Kebijakan baru ini tertuang dalam Permendagri Nomor 11 Tahun 2026. Aturan tersebut menandai berakhirnya fasilitas nol rupiah yang selama ini membuat biaya tahunan mobil listrik relatif sangat ringan bagi pemiliknya.
Biaya yang dulu nyaris hanya SWDKLLJ
Sebelum aturan ini berlaku, mobil listrik berbasis baterai memperoleh pembebasan otomatis untuk PKB dan BBNKB. Pemilik kendaraan hanya menanggung biaya wajib seperti SWDKLLJ, yang dalam praktik disebut berada di kisaran Rp140 ribu hingga Rp150 ribu.
Kondisi itu membuat biaya rutin kendaraan listrik jauh lebih rendah dibanding mobil konvensional. Setelah regulasi baru berjalan, komponen pajak tahunan berubah karena ada tambahan pungutan yang dihitung berdasarkan Nilai Jual Kendaraan Bermotor atau NJKB.
Dua model yang paling terasa dampaknya
Wuling AirEV dan BYD Atto 1 menjadi contoh mobil listrik yang terdampak aturan baru ini. Keduanya juga mencatat penjualan cukup besar di pasar domestik selama kuartal pertama 2026, sehingga perubahan pajak berpotensi menarik perhatian banyak pemilik.
Data yang tercatat menunjukkan Wuling AirEV membukukan penjualan 3.594 unit pada Januari hingga Maret 2026. BYD Atto 1 berada di atasnya dengan 7.733 unit pada periode yang sama.
Begini hitungan pajak barunya
Regulasi ini menghitung PKB berdasarkan NJKB yang tercantum dalam lampiran Permendagri terbaru. Perhitungannya menggunakan bobot kompensasi 1,050 dan estimasi tarif rata-rata 2 persen.
Untuk Wuling AirEV, NJKB tercatat Rp173.000.000. Setelah dikalikan bobot kompensasi, dasar pengenaan pajaknya menjadi Rp181.600.000.
Dengan tarif 2 persen, PKB tahunan Wuling AirEV berada di angka Rp3.630.000. Jika ditambah SWDKLLJ sekitar Rp140 ribu hingga Rp150 ribu, total pajaknya mendekati Rp3,78 juta setahun.
Perkiraan untuk BYD Atto 1 lebih tinggi
BYD Atto 1 memiliki NJKB yang lebih besar, yakni Rp229.000.000. Setelah diterapkan bobot kompensasi yang sama, dasar pengenaan pajaknya naik menjadi Rp240.400.000.
Dari simulasi tersebut, PKB tahunan BYD Atto 1 mencapai Rp4.800.000. Angka ini masih berupa estimasi awal karena penerapan di lapangan tetap bisa mengikuti kebijakan daerah masing-masing.
Tarif akhir bisa berbeda antarprovinsi
Meski pemerintah pusat sudah menetapkan aturan baru, tarif resmi di daerah belum tentu seragam. Penerapan pajak kendaraan listrik masih bergantung pada keputusan pemerintah provinsi, sehingga besaran akhir yang dibayar pemilik mobil bisa berbeda antarwilayah.

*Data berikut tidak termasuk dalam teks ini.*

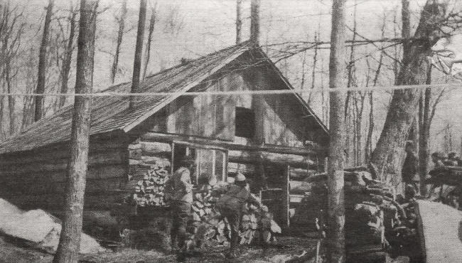 A typical late 1800s, early 1900s maple sap cooking-shack, with living quarters, kept out in the woods. It was conveniently located close to the sap-collecting center with a large pile of split wood nearby that was needed to keep a just-right fire under the sap pan, that cooked the sap down into syrup. |

Sejumlah daerah juga disebut belum menetapkan tarif resmi PKB khusus untuk kendaraan listrik secara merata. Karena itu, pemilik mobil listrik perlu memantau kebijakan daerah masing-masing agar mengetahui beban pajak yang benar-benar berlaku.
Perubahan ini menunjukkan bahwa mobil listrik tidak lagi sepenuhnya bebas pajak, meski nilainya masih tergantung pada model kendaraan, NJKB, dan aturan daerah. Bagi calon pembeli maupun pemilik kendaraan, hitungan biaya tahunan kini menjadi faktor penting dalam menilai total kepemilikan mobil listrik.